PROVIDED RECORDS
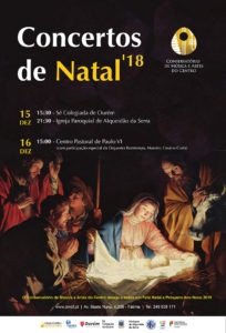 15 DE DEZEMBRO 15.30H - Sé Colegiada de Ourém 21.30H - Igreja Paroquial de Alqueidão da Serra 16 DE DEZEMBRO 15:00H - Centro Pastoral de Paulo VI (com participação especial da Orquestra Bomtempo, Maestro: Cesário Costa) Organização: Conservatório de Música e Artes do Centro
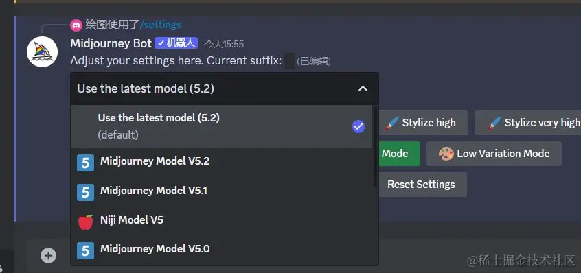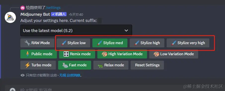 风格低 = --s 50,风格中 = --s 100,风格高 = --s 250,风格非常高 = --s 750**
* * *
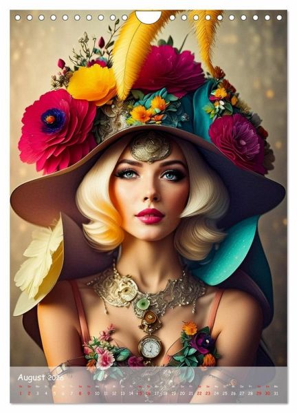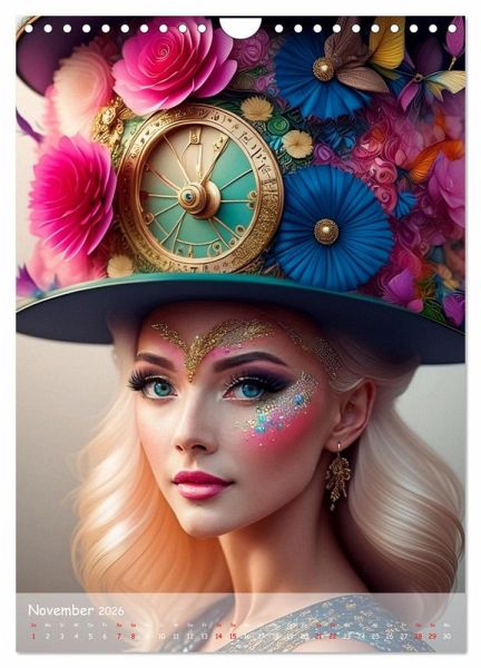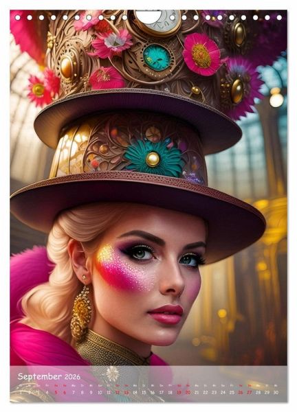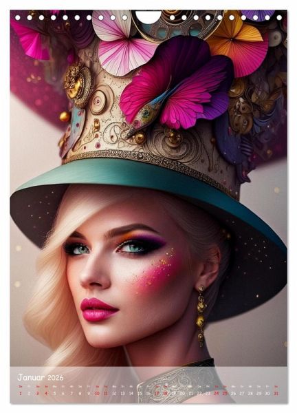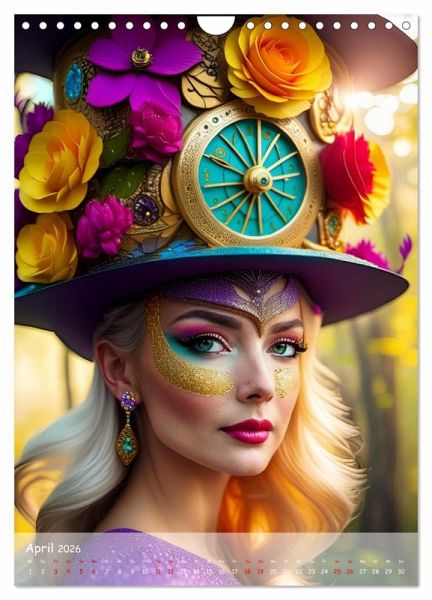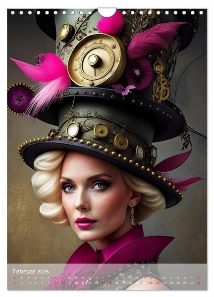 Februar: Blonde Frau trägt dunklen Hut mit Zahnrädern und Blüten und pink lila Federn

WHAT IS BEING ASKED
Going back to the data above, write out everything from the line with "15 DE DEZEMBRO" down to the line with "风格低 = --s 50,风格中", both included, leaving every picture out.

COMPLETED EXERCISE
 15 DE DEZEMBRO 15.30H - Sé Colegiada de Ourém 21.30H - Igreja Paroquial de Alqueidão da Serra 16 DE DEZEMBRO 15:00H - Centro Pastoral de Paulo VI (com participação especial da Orquestra Bomtempo, Maestro: Cesário Costa) Organização: Conservatório de Música e Artes do Centro
 风格低 = --s 50,风格中 = --s 100,风格高 = --s 250,风格非常高 = --s 750**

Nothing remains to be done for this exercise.